RECORDED INFORMATION:
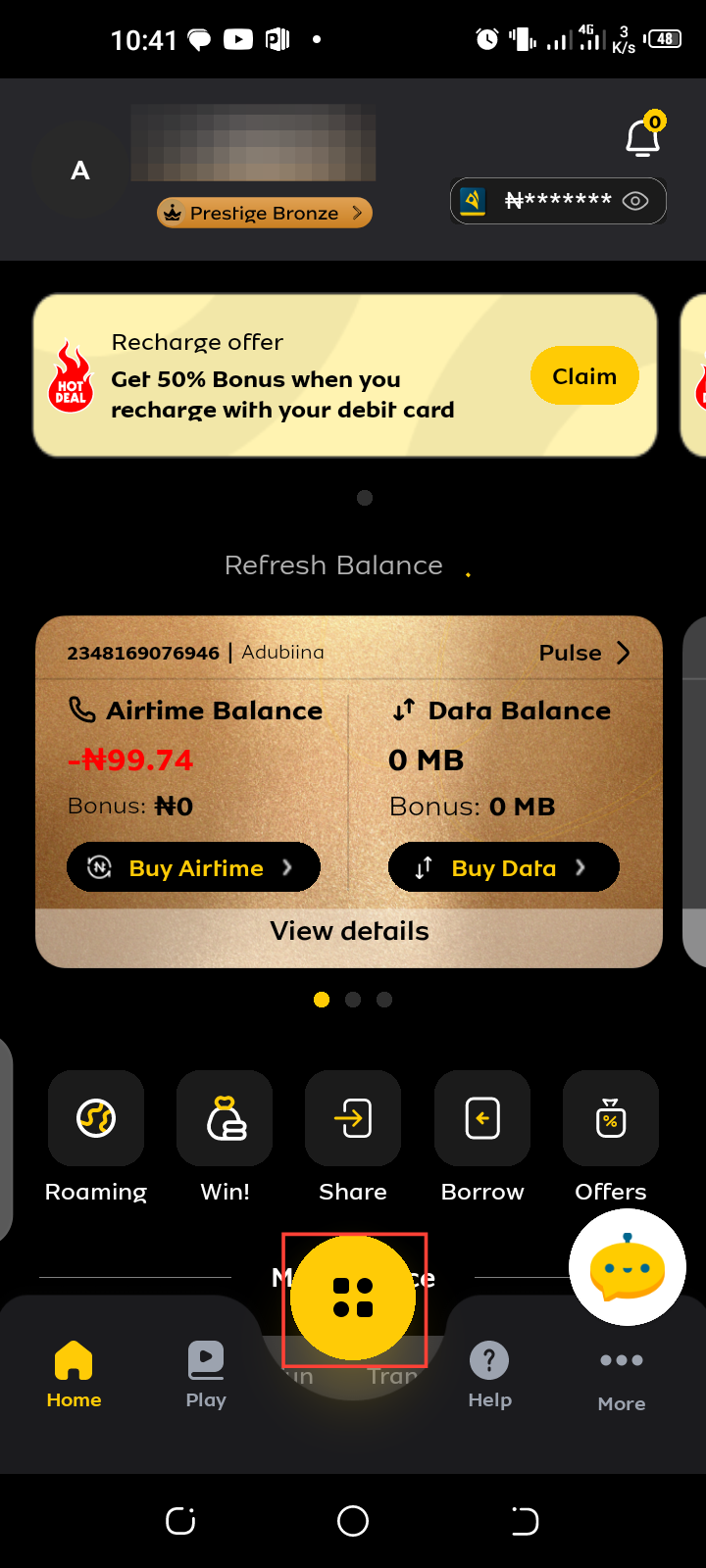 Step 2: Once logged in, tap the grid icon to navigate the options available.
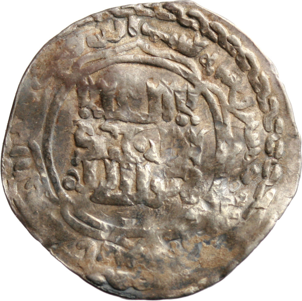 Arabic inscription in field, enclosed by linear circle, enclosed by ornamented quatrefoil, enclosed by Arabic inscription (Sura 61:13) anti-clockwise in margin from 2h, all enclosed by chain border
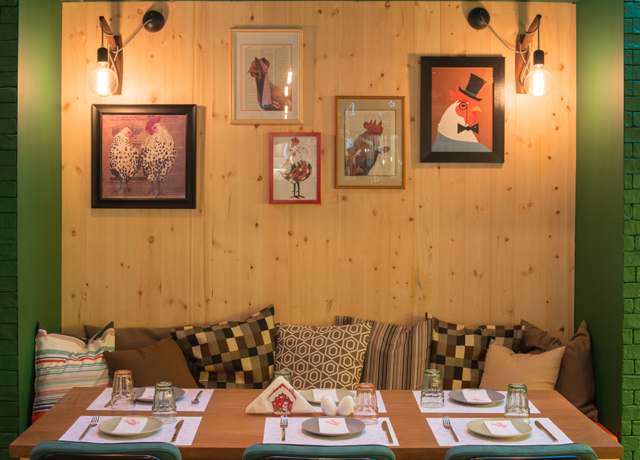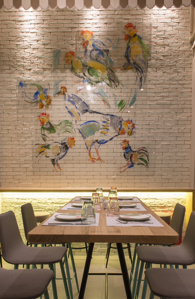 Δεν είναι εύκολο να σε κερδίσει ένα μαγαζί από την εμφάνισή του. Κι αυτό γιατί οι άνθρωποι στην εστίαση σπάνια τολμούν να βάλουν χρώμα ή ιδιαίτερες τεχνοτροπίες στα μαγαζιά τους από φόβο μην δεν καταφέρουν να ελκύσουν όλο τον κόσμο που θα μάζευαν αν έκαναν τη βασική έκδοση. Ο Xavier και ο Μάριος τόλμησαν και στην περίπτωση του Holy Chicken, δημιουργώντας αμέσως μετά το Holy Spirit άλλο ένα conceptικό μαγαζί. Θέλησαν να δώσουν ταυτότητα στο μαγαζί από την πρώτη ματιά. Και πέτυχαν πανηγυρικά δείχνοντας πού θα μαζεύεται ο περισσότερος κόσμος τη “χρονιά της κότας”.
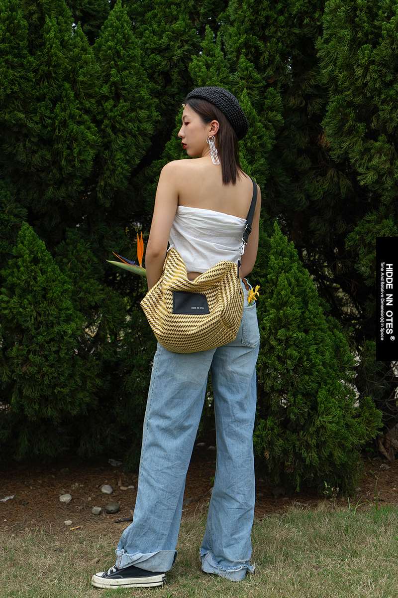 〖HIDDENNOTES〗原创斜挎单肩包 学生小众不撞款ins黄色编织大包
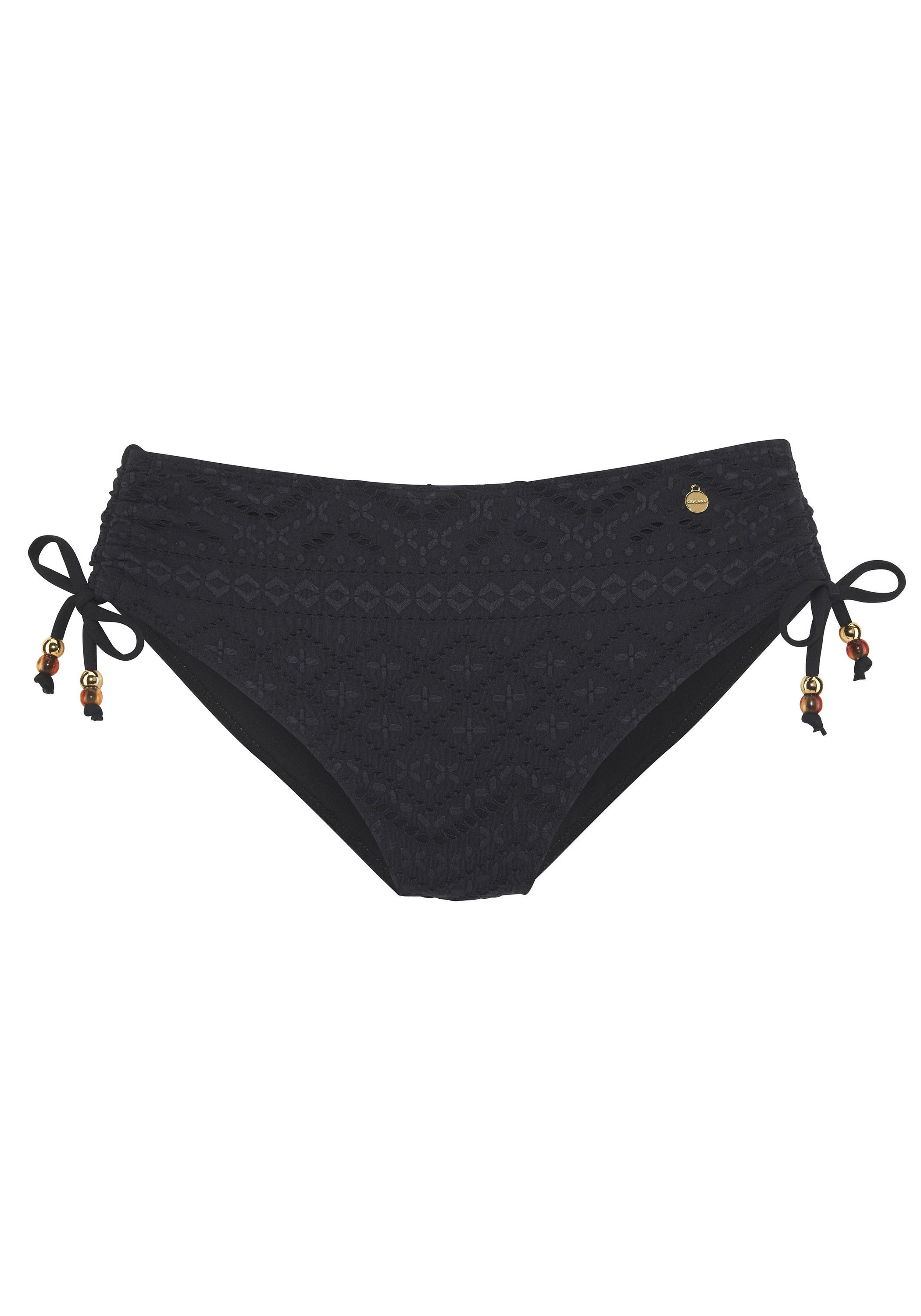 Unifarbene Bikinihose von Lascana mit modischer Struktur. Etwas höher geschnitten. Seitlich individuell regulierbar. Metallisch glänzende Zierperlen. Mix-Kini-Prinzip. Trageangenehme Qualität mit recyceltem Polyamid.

INSTRUCTIONS TO FOLLOW: Except for the pictures, copy every line of the records above exactly.

TASK RESPONSE:
 Step 2: Once logged in, tap the grid icon to navigate the options available.
 Arabic inscription in field, enclosed by linear circle, enclosed by ornamented quatrefoil, enclosed by Arabic inscription (Sura 61:13) anti-clockwise in margin from 2h, all enclosed by chain border
 Δεν είναι εύκολο να σε κερδίσει ένα μαγαζί από την εμφάνισή του. Κι αυτό γιατί οι άνθρωποι στην εστίαση σπάνια τολμούν να βάλουν χρώμα ή ιδιαίτερες τεχνοτροπίες στα μαγαζιά τους από φόβο μην δεν καταφέρουν να ελκύσουν όλο τον κόσμο που θα μάζευαν αν έκαναν τη βασική έκδοση. Ο Xavier και ο Μάριος τόλμησαν και στην περίπτωση του Holy Chicken, δημιουργώντας αμέσως μετά το Holy Spirit άλλο ένα conceptικό μαγαζί. Θέλησαν να δώσουν ταυτότητα στο μαγαζί από την πρώτη ματιά. Και πέτυχαν πανηγυρικά δείχνοντας πού θα μαζεύεται ο περισσότερος κόσμος τη “χρονιά της κότας”.
 〖HIDDENNOTES〗原创斜挎单肩包 学生小众不撞款ins黄色编织大包
 Unifarbene Bikinihose von Lascana mit modischer Struktur. Etwas höher geschnitten. Seitlich individuell regulierbar. Metallisch glänzende Zierperlen. Mix-Kini-Prinzip. Trageangenehme Qualität mit recyceltem Polyamid.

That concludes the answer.